▸ Data section:
*** Block opens ***

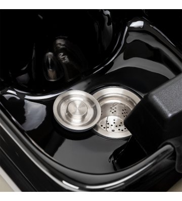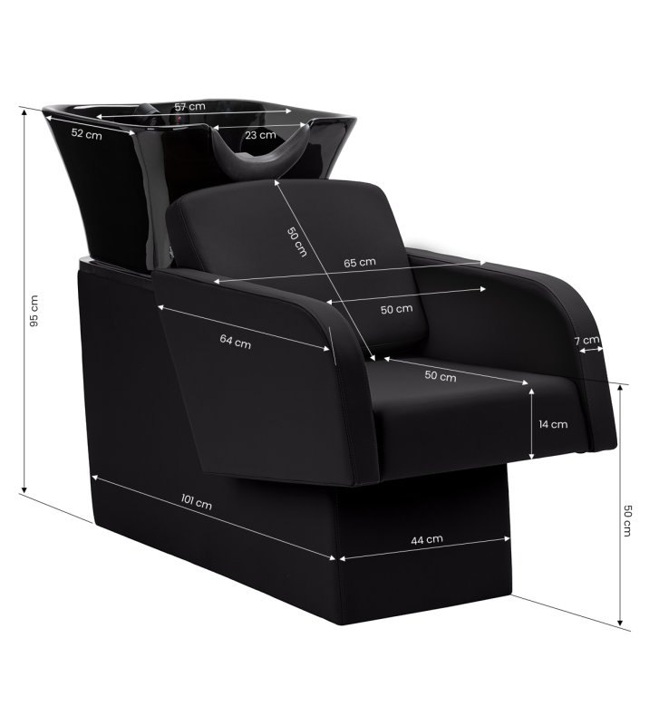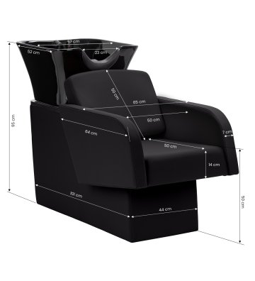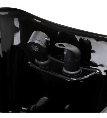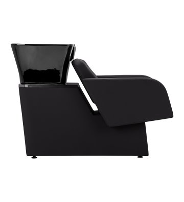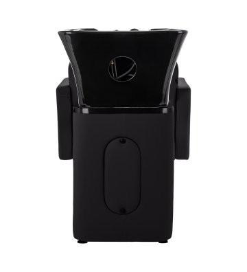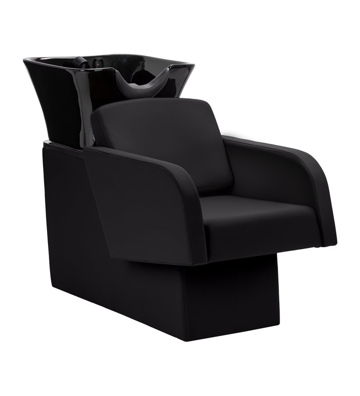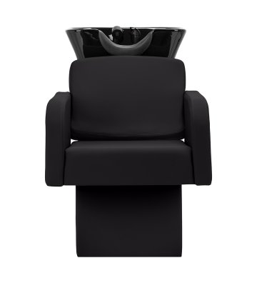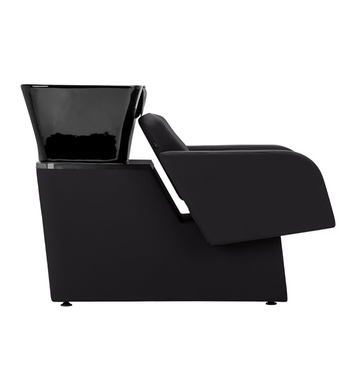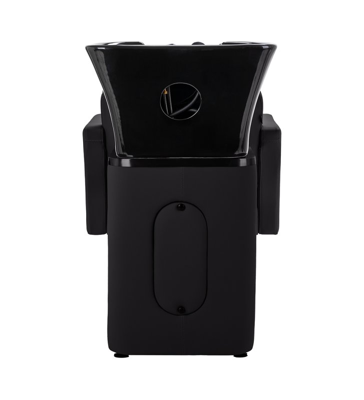 Ceramiczna misa umywalki w odcieniach czerni, o nowoczesnym kształcie i odpowiedniej głębokości, skutecznie zapobiega rozchlapywaniu wody oraz produktów używanych podczas zabiegów, umożliwiając komfortowe i efektywne wykonywanie szerokiej gamy usług. Odpowiednio wyprofilowany kołnierz oraz nachylone oparcie zapewniają wygodę i wsparcie podczas mycia włosów, a nakładka z tworzywa sztucznego w odcieniach czerni chroni klienta przed chłodem ceramicznej powierzchni, gwarantując przyjemne doznania w trakcie zabiegu.
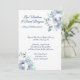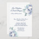 Ce faire-part de mariage est présenté dans le papier blanc mat avec une disposition moderne d'une aquarelle d'art imprimé de belles fleurs bleues et blanches. Texte en bleu marine. Customisez cet élément en prenant l'exemple de texte et en y mettant vos informations à la place. Image stock. freepik.com
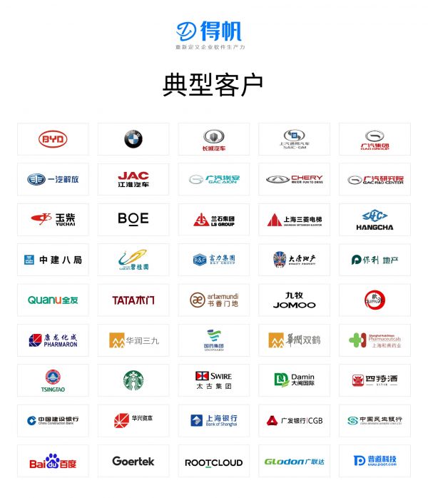 “得帆的客户以大型企业为主,其有比亚迪、上汽通用、江淮汽车这类大型整车企业,还有像三菱电梯、玉柴集团这种大型制造企业,还有富力集团、碧桂园等地产龙头企业。”

*** Block closes ***

▸ Task prompt:
Since the pictures are not part of the copy, transcribe only the remaining material, exactly.

▸ Completed exercise:
 Ceramiczna misa umywalki w odcieniach czerni, o nowoczesnym kształcie i odpowiedniej głębokości, skutecznie zapobiega rozchlapywaniu wody oraz produktów używanych podczas zabiegów, umożliwiając komfortowe i efektywne wykonywanie szerokiej gamy usług. Odpowiednio wyprofilowany kołnierz oraz nachylone oparcie zapewniają wygodę i wsparcie podczas mycia włosów, a nakładka z tworzywa sztucznego w odcieniach czerni chroni klienta przed chłodem ceramicznej powierzchni, gwarantując przyjemne doznania w trakcie zabiegu.
 Ce faire-part de mariage est présenté dans le papier blanc mat avec une disposition moderne d'une aquarelle d'art imprimé de belles fleurs bleues et blanches. Texte en bleu marine. Customisez cet élément en prenant l'exemple de texte et en y mettant vos informations à la place. Image stock. freepik.com
 “得帆的客户以大型企业为主,其有比亚迪、上汽通用、江淮汽车这类大型整车企业,还有像三菱电梯、玉柴集团这种大型制造企业,还有富力集团、碧桂园等地产龙头企业。”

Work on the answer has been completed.